In Folge von Stelleneinsparungen und steigendender Komplexität der Verfahren regt sich bei der Justiz in Norddeutschland Widerstand. Von "unverantwortlichen Personalkürzungen" ist die Rede und von "Anlass zur höchsten Sorge". Dies berichtet der "Weser Kurier" am Mittwoch.
"Wir haben lange überlegt, ob wir diesen Schritt gehen", sagt Bremens Generalstaatsanwältin, Kirsten Graalmann-Scheerer. Und Peter Heine, Chef des Landessozialgerichts Niedersachsen/Bremen, sagte gegenüber der Zeitung, dass er gar eine unterschiedliche Rechtssicherheit zwischen Bremen und Niedersachsen sieht. Wer in Bremen vor das Sozialgericht ziehe, müsse viel Geduld mitbringen: "Das ist unerträglich."
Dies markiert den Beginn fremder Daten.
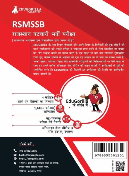 ¿ Best Selling Book in Hindi Edition for Rajasthan Patwari Exam with objective-type questions as per the latest syllabus given by the RSMSSB. ¿ Compare your performance with other students using Smart Answer Sheets in EduGorilla's Rajasthan Patwari Exam Practice Kit. ¿ Rajasthan Patwari Exam Preparation Kit comes with 10 Full-length Mock Tests with the best quality content. ¿ Increase your chances of selection by 16X. ¿ Rajasthan Patwari Exam Prep Kit comes with well-structured and 100% detailed solutions for all the questions. ¿ Clear exam with good grades using thoroughly Researched Content by experts.

Zudem beklagen die Präsidentin des Landesarbeitsgerichts, Sabine Kallmann, und der Präsident des Finanzgerichtes, Lutz Hoffmann die langandauernden Verfahren. Auch der Präsident des Hanseatischen Oberlandesgericht, Wolfgang Arenhövel, ist erbost.
Der Koalitionsvertrag in Bremen sieht vor, dass die Justiz künftig 1,6 Prozent ihres Personals einspart. Doch seit 1993 habe die Justiz bereits rund 25 Prozent ihrer Mitarbeiterinnen und Mitarbeiter eingebüßt, so Arenhövel gegenüber dem Weser Kurier. Nach der neuen Sparrunde würden 80 Stellen im Laufe der Legislaturperiode wegfallen. Er wolle hierfür keine Verantwortung übernehmen.
"Ständig neue Löcher"
Generalstaatsanwältin Kirsten Graalmann-Scheerer beklagt zudem die vielen offenen Verfahren. Die hohen Erledigungszahlen, auf die sich Staatsrat Matthias Stauch vergangene Woche vor dem Rechtsausschuss bezog, spiegelten die Realität nicht wieder. Hierbei handele es sich lediglich um schnelle und einfach gelagerte Fälle.
Bei starker Überlastung halfen sich die Gerichte bislang gegenseitig. Richter wechselten vom Finanz- zum Verwaltungsgericht oder vom Arbeits- zum Sozialgericht. "Jeder hilft jedem. Aber eigentlich", so sagt Sabine Kallmann der Zeitung, "reißen wir nur ständig neue Löcher."